There is nothing negative about the word itself; it’s all about how the word is used.  In this sense it’s similar to “Chinaman”.  There is nothing inherently pejorative about this term; it simply denotes “a man from China”.  However, through widespread misuse this term became recognized as being racist. Laowai is nowhere near “Chinaman” in terms of negative connotation, but through misuse has also gained a certain pejorative sense.


Janbiya:

We hear estrangement and derision in the way people around us pronounced the word laowai. While not the most offensive word aimed against resident aliens in the Chinese lexicons, it is a word intensively involved in narratives of stereotypes and otherness. While some few, mostly older, speakers use the word in a completely descriptive sense, its heavy connotations are such that it would certainly be considered a microaggression or moderately potent slur if China were to adapt American norms of political correctness.


In the United States (and many other developed countries,) even the relatively neutral term foreigner is considered quite offensive when used in a personal context. In China this is the standard term for describing expats, and it carries every bit as much of an us-vs.-them and fearmongering potential. In addition, speaking of foreigners in China taps into a pool of resentment, based on the narratives of their mistreatment of the Chinese people, and their alleged privilegization over Chinese in China.

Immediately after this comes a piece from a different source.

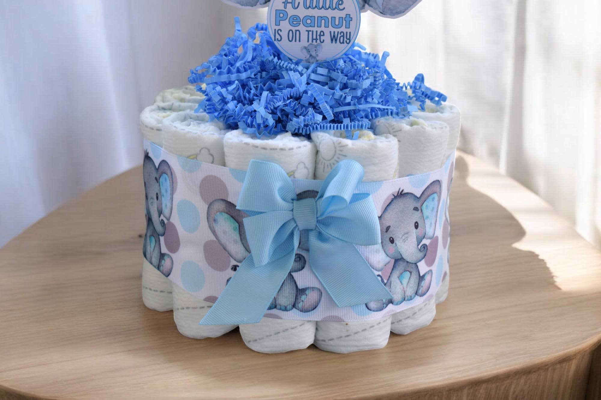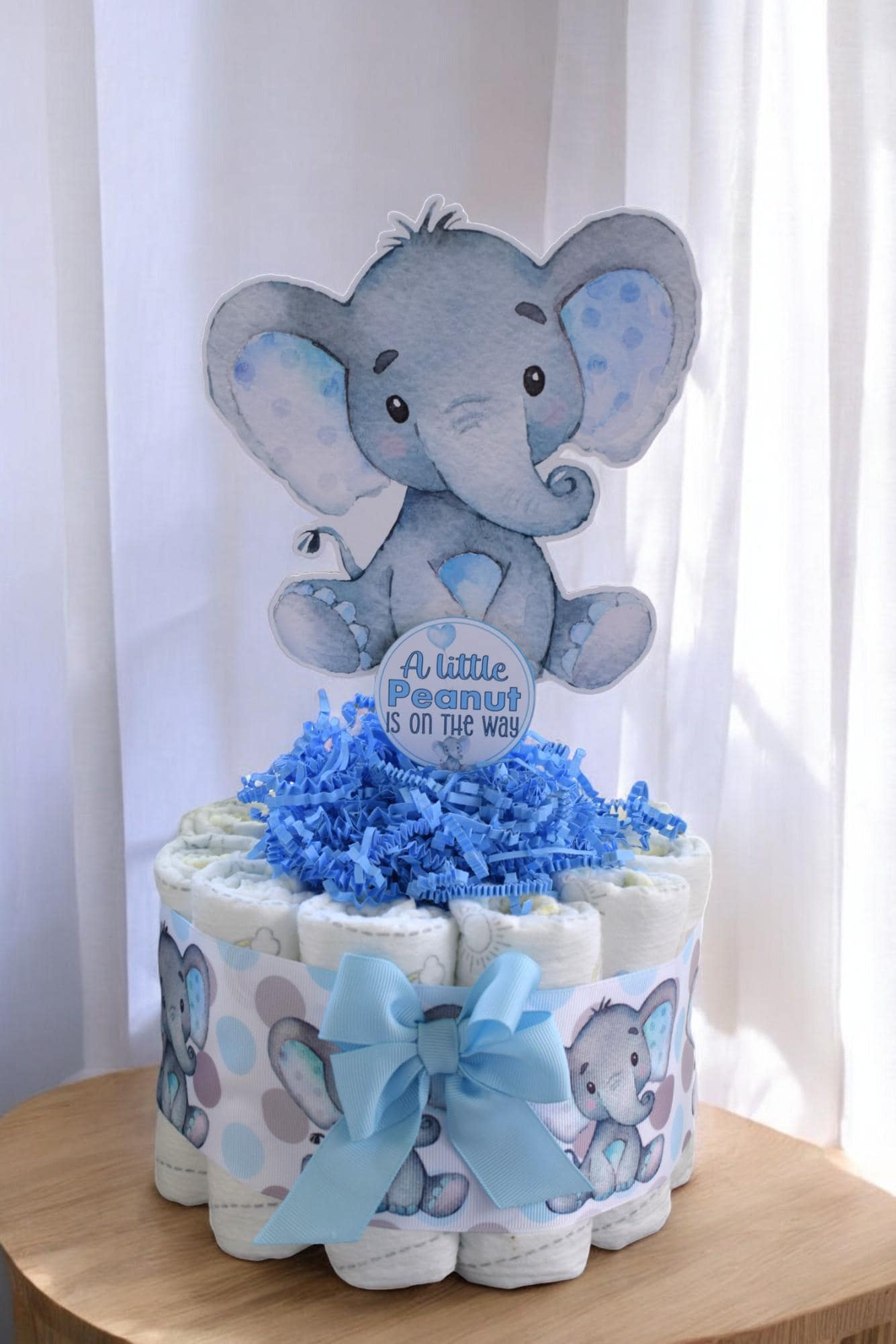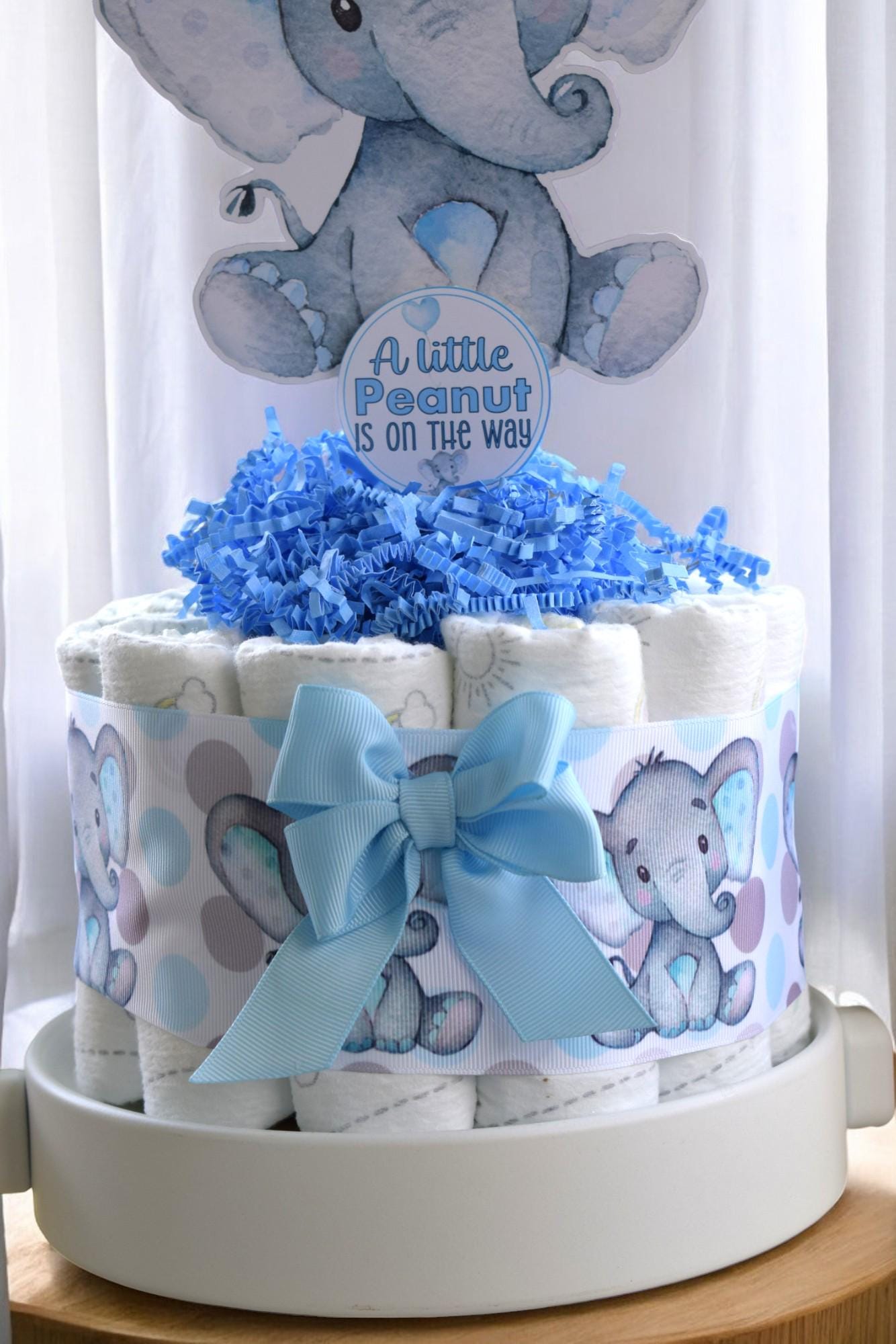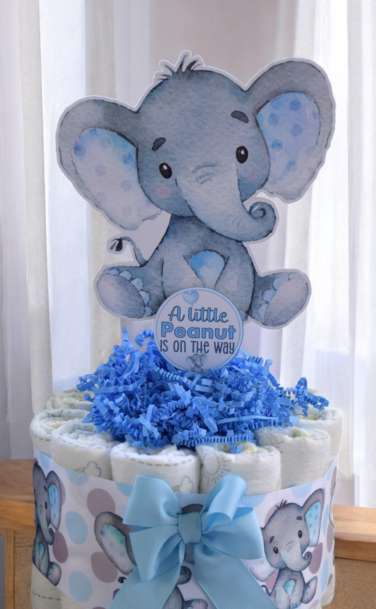 Blue Elephant Mini Diaper Cake Baby Shower, Baby Shower Centerpieces Decorations, Girls Room Nursery Decor, New Mom Gifts, Baby Shower Gift

So it goes without saying that using a term that’s generally less descriptive in nature, and therefore even more easily heaped with emotional baggage is not a step in the right direction!





ChocolateDanishLover

For the majority of the China population it is true that laowai is a word with (usually) unconscious insults. But in a strict sense, it is YOU who is making the unconscious conscious. I believe in most cases, the use of laowai is just referring to a non-east asian face, and there is nothing more involved. Your feeling of offence is from your deliberate interpretation of every use of laowai as a conscious offence.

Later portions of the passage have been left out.